Соня сутками не снимала наушников, почти безвыходно сидя в кабинке радиостанции, смонтированной в кузове трехтонного грузовика. Но она ясно представляла, что происходит вокруг, по беспрестанным сводкам, приказам, распоряжениям, которые ей приходилось принимать и передавать.
Это был год десяти знаменитых ударов Советской Армии на фронтах Отечественной войны. Участвуя в шестом ударе, бригада уральцев действовала в самые горячие дни разгрома противника в районе Западной Украины. После боев за Львов танки пошли на юг, к Карпатам. Когда впереди засинели горы, бригада повернула снова на запад. Время бежало быстрее, чем танки, и казалось, что полковник-командир бригады, отдавая через Соню распоряжения, хотел догнать каждый пролетевший день.
Соня была единственной девушкой в бригаде, поэтому ее знали почти все. Когда она передавала по радио приказания комбрига и штаба, командиры танковых батальонов узнавали ее голос. Случалось танкам на марше встречаться с крытой трехтонкой, над которой, как мачта, покачивалась высокая антенна. Тогда каждый обязательно приветствовал Соню из башенного люка. Даже если из окошечка кузова не выглядывала девичья темнорусая голова, большие, всегда немного удивленные глаза, танкисты, завидев машину радиостанции, считали своим долгом помахать шлемом или рукой.
Соня знала немногих танкистов и то лишь по позывным раций. «Гроза», например, — это командир батальона, который басит, именует бойцов «дьяволята!», а, разговаривая с Соней, называет ее не иначе, как «глазастая», «дочка».
На бригадной радиостанции позывными было «Буря». Девушке очень нравилась перекличка «Грозы», «Урагана», «Тайфуна». Она работала с азартом. Голос ее звучал мягко, но настойчиво.
— Гроза! Гроза! Я — Буря. На левом фланге коробки противника! — и сердце ее замирало. Она представляла, как ползут «тигры» и «пантеры» на наши танки, которыми командует тот, кто зовет ее дочкой.
— Ураган! Ураган! Как слышите? Прием.
— Пурга! Пурга! — Я — Буря! Огонь! Огонь! Сильнее огонь! Прикройте продвижение «карандашей». — И она рисовала в своем воображении, как автоматчики, условно называемые «карандашами», не могут пройти вперед из-за стрельбы противника. Она не удерживалась, выглядывала из машины, слушала, как где-то недалеко идет бой: напряженно урчат моторы, палят орудия.

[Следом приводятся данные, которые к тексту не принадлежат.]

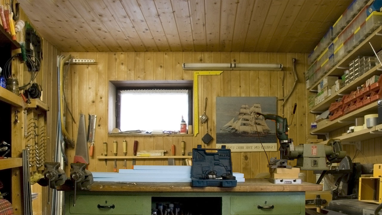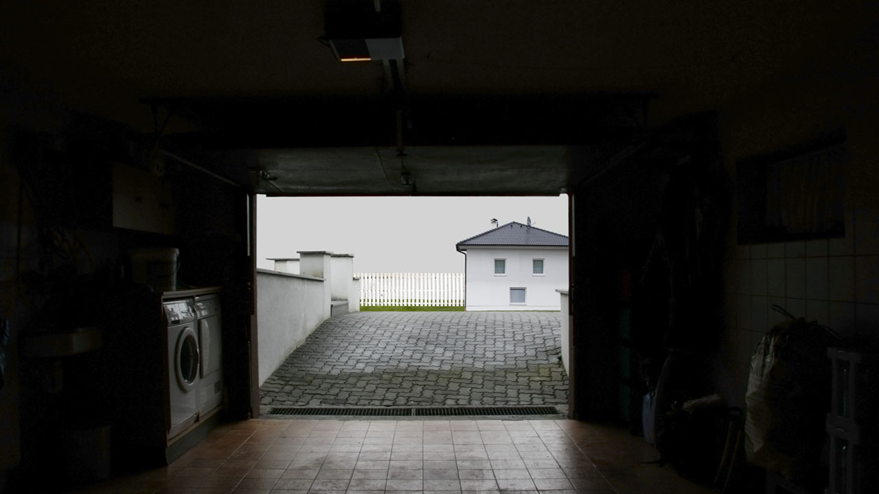 Did you ever, ever notice, the kind of thoughts I got? Und noch eine Passage durch den schwarzen Tunnel zum letzten Kreis der HEIMathölle: Kleinwinkelig- klaustrophobische Kämmerchen, die sich in eine psychedelisch zerdehnte Ferne auswölben. Das Geräusch eines motorisierten Rasenmähers vor dem Fenster. Heimwerkerzubehör, säuberlich in Boxen verpackt und in Regale gestapelt. Bohrmaschinen, Sägeblätter, Schraubenzieher. Ein nervöses, elektrisches Zucken: Eine Neonröhre blitzt auf. Schließlich: Ein Blick durch den Längsschnitt einer Garage. Mit einem aggressiv schnappenden Geräusch klappt die Kipptüre zu.

— Вот, егоза! Никак не сидит на месте, — сердился полковник, появляясь вдруг откуда-нибудь на своей маленькой автомашине. Он всегда залезал в кабину радиостанции. — Ну-ка, свяжи меня с «Ураганом».

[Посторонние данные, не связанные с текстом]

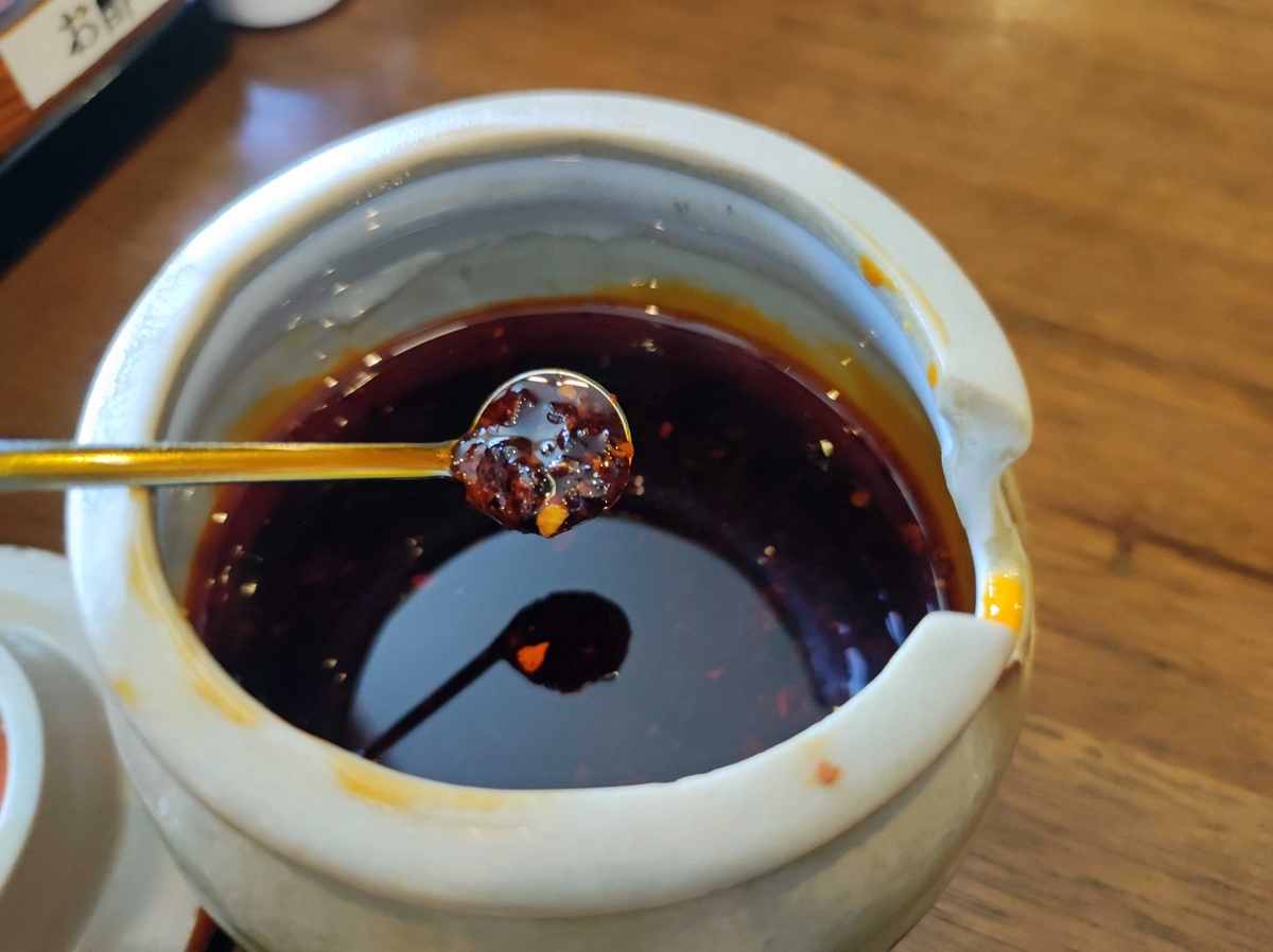 自家製辣油を確認し…。タレ用の小皿に盛り付ける。

Комбриг надевал наушники и через несколько секунд в них улавливался далекий голос: «Соня, Соня! Я — «Ураган». Как слышите? Прием». Радиостанцию штаба бригады многие просто вызывали: «Соня!»
Связь по Сониной станции устанавливалась быстро и четко. Комбриг отдавал распоряжения и уже не сердился на девушку:
— Спасибо, сержант! Молодец! По-нашенски.

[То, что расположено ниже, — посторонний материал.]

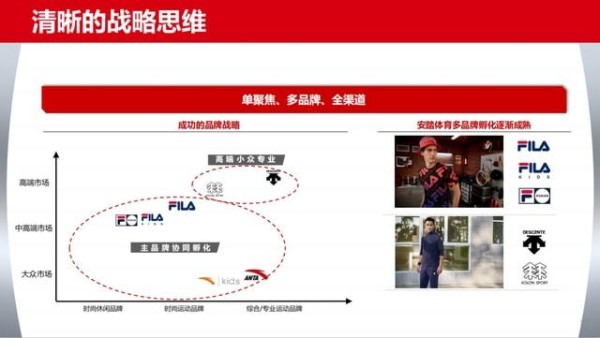 安踏在“单聚焦、多品牌、全渠道”的发展战略下,已经成为一个拥有多品牌的体育用品集团。

Он так же быстро уходил, оставляя за собою дверь настежь, и снова уезжал к тому батальону, где обстановка была самой горячей.
Однажды в солнечный августовский вечер бригада без боев проходила колонной по глухой извилистой дороге. Машина радиостанции двигалась среди танков. Соня раскрыла в кузове боковое оконце и рассматривала происходящее вокруг.
Дорогу обступали зеленые рощи. В них было заманчиво мирно. Там угадывалось птичье щебетанье, неслышное за ревом моторов. В небе, охраняя войска, патрулировали самолеты. В колонне вместе с танками шли самоходные орудия, гвардейские минометы — «катюши», зенитные установки — «аннушки», приданные бригаде. А сквозь привычный запах газойля и бензина, который выдыхали моторы, ветерок доносил лесные ароматы. У придорожной канавы кивали головками ромашки, незабудки. Их покачивал вихрящийся за машинами воздух. Соне так хотелось нарвать букет полевых цветов!
В оконце еле-еле просовывалась голова, Соня все время старалась смотреть вперед, и от этого сильно уставала шея. Вон первый танк останавливается. Командир машины соскакивает и подозрительно оглядывает дорогу. На танках вместе с автоматчиками сидят саперы. Он зовет их, и они быстро прощупывают почву. Соня напряженно следит за ними.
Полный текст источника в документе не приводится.